WHAT THIS TASK INVOLVES: In the entries below, which lines run from the one with "This bingo card" through the one with "Extraiga el archivo"? Repeat exactly those, both included, and no pictures.

SOURCE INFORMATION:
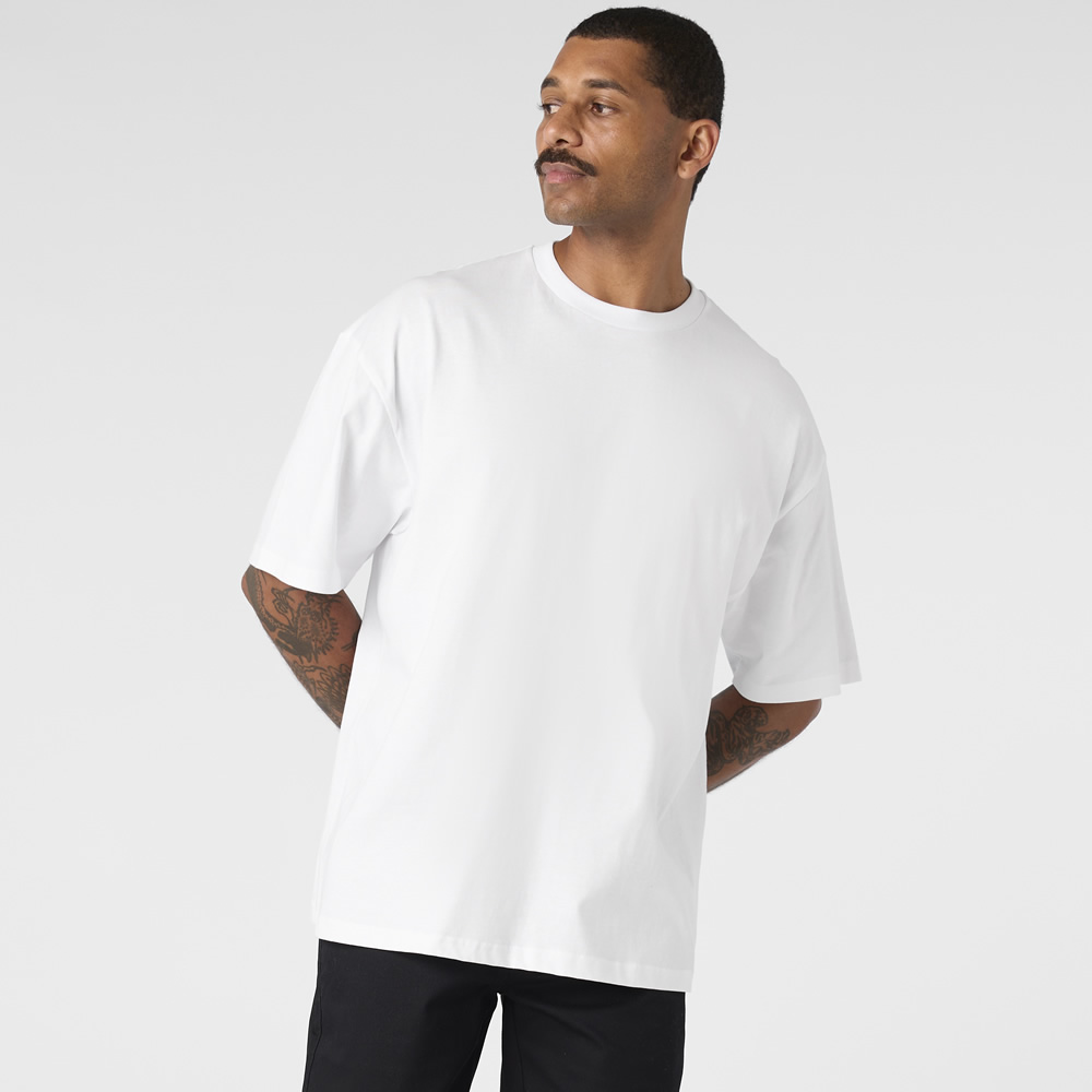 Product Details: The Block Oversized Tee is made from pre-shrunk, mid-weight carded cotton for a relaxed, modern oversized fit. Designed with a tubular construction (no side seams), dropped shoulders, and a tear-out label, it delivers all-day comfort with a clean, effortless look.
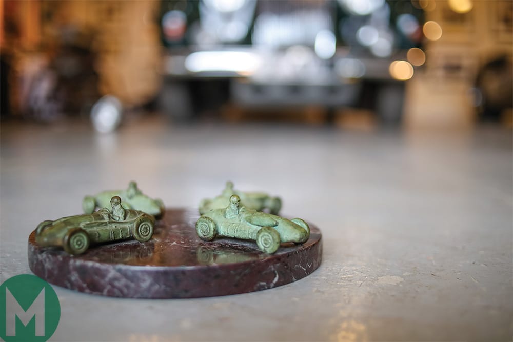 One standout auction find is the base of Hawthorn’s 1958 Formula 1 World Championship trophy, which Webb won at a Sotheby’s sale. Forged from solid marble with four brass racing cars mounted on top of it and the holes where the four supporting pillars would have been still visible, the trophy was ordered broken up after his death. Only the base remains.
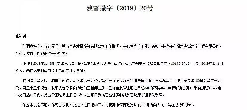 張釗釗在廈門市城市建設發展投資有限公司工作期間,違規將造價工程師資格證書注冊在福建進城建設工程有限公司,存在以欺騙手段取得注冊的行為。
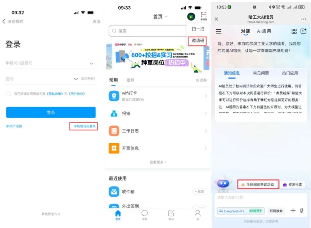 2.使用手机号获取验证码方式进行登录,首页右上角输入本单位邀请码yzhdxy进入图书馆页面,点击AI馆员进入后,然后点击下方全民阅读共读活动即可参与。
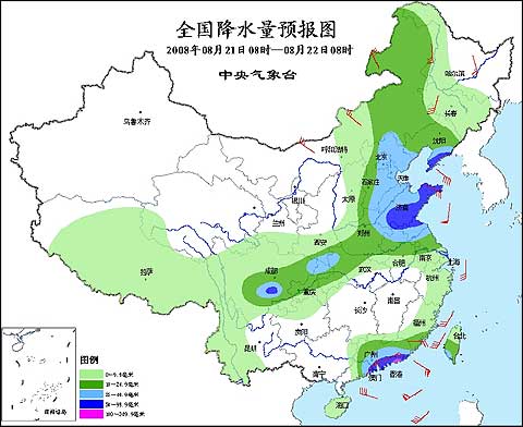 2008年8月21日8時—8月22日8時全國降水量預(yù)報圖
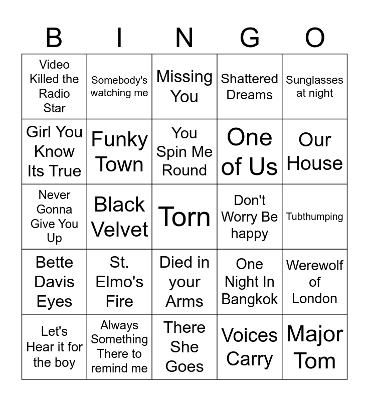 This bingo card has 34 words: Major Tom, Voices Carry, Self Control, Tarzan Boy, Bette Davis Eyes, Funky Town, Sunglasses at night, Let's Hear it for the boy, Somebody's watching me, safety dance, You Spin Me Round, Missing You, Kiss Me, Whip It, Don't Worry Be happy, Our House, Always Something There to remind me, Never Gonna Give You Up, St. Elmo's Fire, One Night In Bangkok, Died in your Arms, The Promise, Video Killed the Radio Star, Tubthumping, There She Goes, Torn, Shattered Dreams, Mmm Mmm Mmm Mmm, One of Us, Girl You Know Its True, Cars, Black Velvet, Werewolf of London and Mad World.
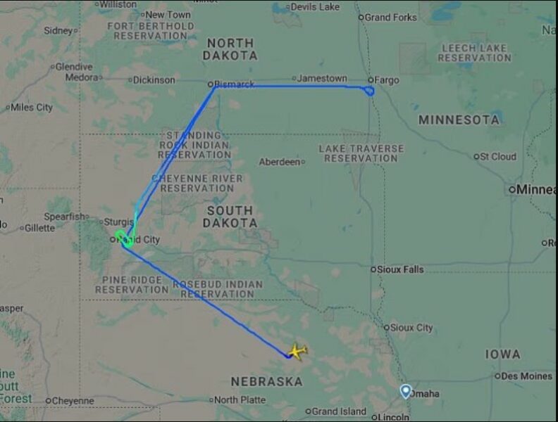 Të dhënat e fluturimit tregojnë se ky i ashtuquajturi “nuklear-snifer” u ngrit nga Nebraska, u rrotullua mbi South Dakota dhe bëri një hark afër Fargo, North Dakota. Aktualisht, avioni po qarkullon mbi Rapid City, South Dakota, ndërsa vazhdon misionin e tij.
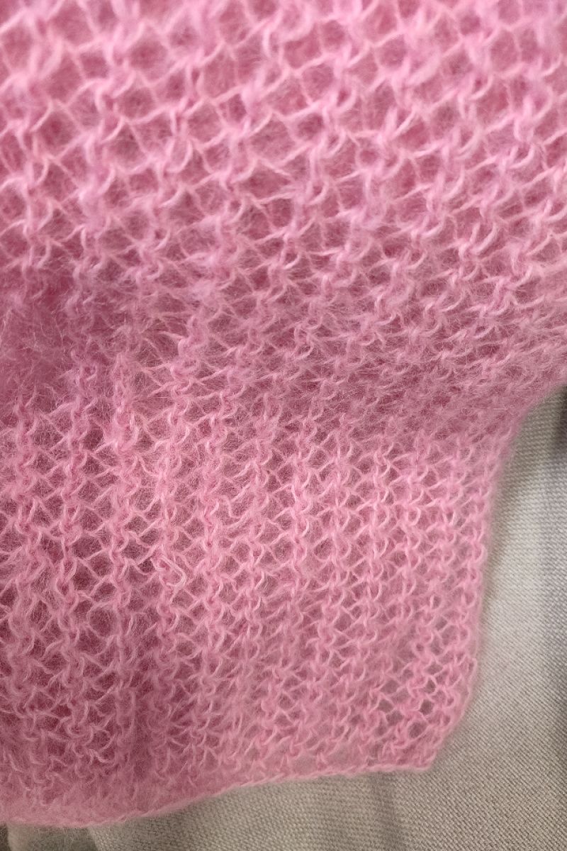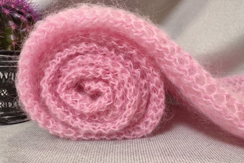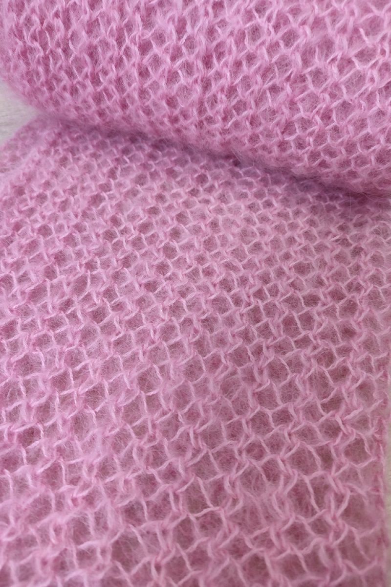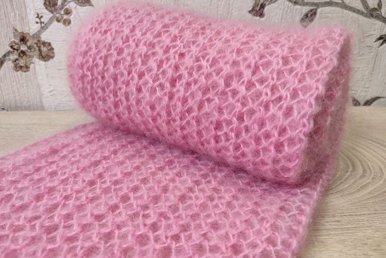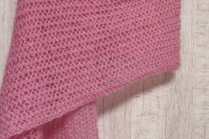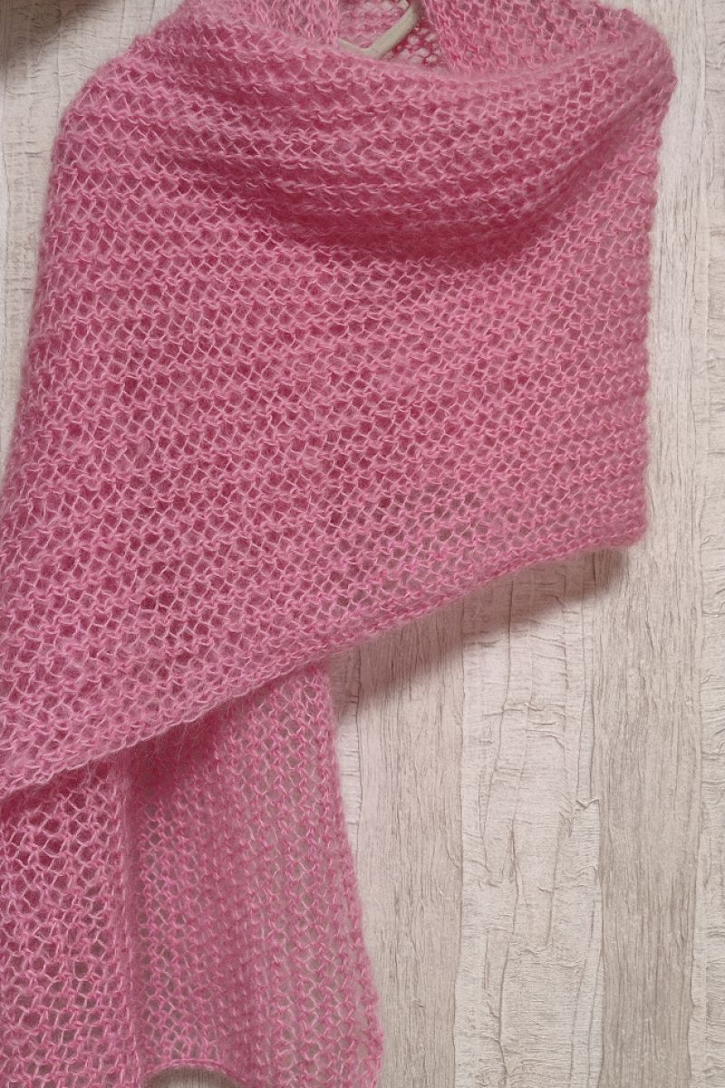 Палантин зв'язаний спицями гарною та ніжною вязкою. По при те,що вязка у дирочки не робить його холодним, так як вони заповнюються шерстю. Розміри палантину дозволяють вкутатись ним та утеплитись.
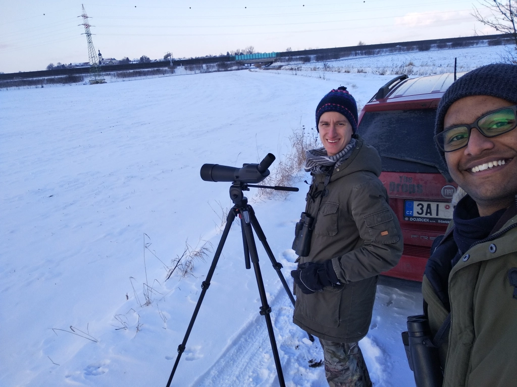 I asked Jan (Honza) Grünwald, who was technically my first Czech friend and whom I had found through eBird and contacted even before getting admitted to the university, if he’d be interested in birding together sometime, because I sure was! We had met (finally) in last October when we birded together on a lucky day, and it was a superb experience for me. There’s something different about being with someone who has vast knowledge of and experience with the country’s bird life. And so, I was eager to bird more with him. In fact, I wouldn’t even mind doing something every week, and I made sure to let him know the same. He turned out to be keen, and wanted to help me get my Czech life list to 200 (it was at 170).
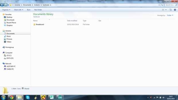 Extraiga el archivo descargado Breadboard.zip en la carpeta hardware nuevo que creó.
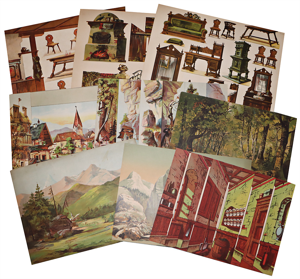 Meist Schreiber, Kulissenteile, Hintergründe, 18 Teile, Bögen auf Karton geklebt

ANSWER AREA:
 This bingo card has 34 words: Major Tom, Voices Carry, Self Control, Tarzan Boy, Bette Davis Eyes, Funky Town, Sunglasses at night, Let's Hear it for the boy, Somebody's watching me, safety dance, You Spin Me Round, Missing You, Kiss Me, Whip It, Don't Worry Be happy, Our House, Always Something There to remind me, Never Gonna Give You Up, St. Elmo's Fire, One Night In Bangkok, Died in your Arms, The Promise, Video Killed the Radio Star, Tubthumping, There She Goes, Torn, Shattered Dreams, Mmm Mmm Mmm Mmm, One of Us, Girl You Know Its True, Cars, Black Velvet, Werewolf of London and Mad World.
 Të dhënat e fluturimit tregojnë se ky i ashtuquajturi “nuklear-snifer” u ngrit nga Nebraska, u rrotullua mbi South Dakota dhe bëri një hark afër Fargo, North Dakota. Aktualisht, avioni po qarkullon mbi Rapid City, South Dakota, ndërsa vazhdon misionin e tij.
 Палантин зв'язаний спицями гарною та ніжною вязкою. По при те,що вязка у дирочки не робить його холодним, так як вони заповнюються шерстю. Розміри палантину дозволяють вкутатись ним та утеплитись.
 I asked Jan (Honza) Grünwald, who was technically my first Czech friend and whom I had found through eBird and contacted even before getting admitted to the university, if he’d be interested in birding together sometime, because I sure was! We had met (finally) in last October when we birded together on a lucky day, and it was a superb experience for me. There’s something different about being with someone who has vast knowledge of and experience with the country’s bird life. And so, I was eager to bird more with him. In fact, I wouldn’t even mind doing something every week, and I made sure to let him know the same. He turned out to be keen, and wanted to help me get my Czech life list to 200 (it was at 170).
 Extraiga el archivo descargado Breadboard.zip en la carpeta hardware nuevo que creó.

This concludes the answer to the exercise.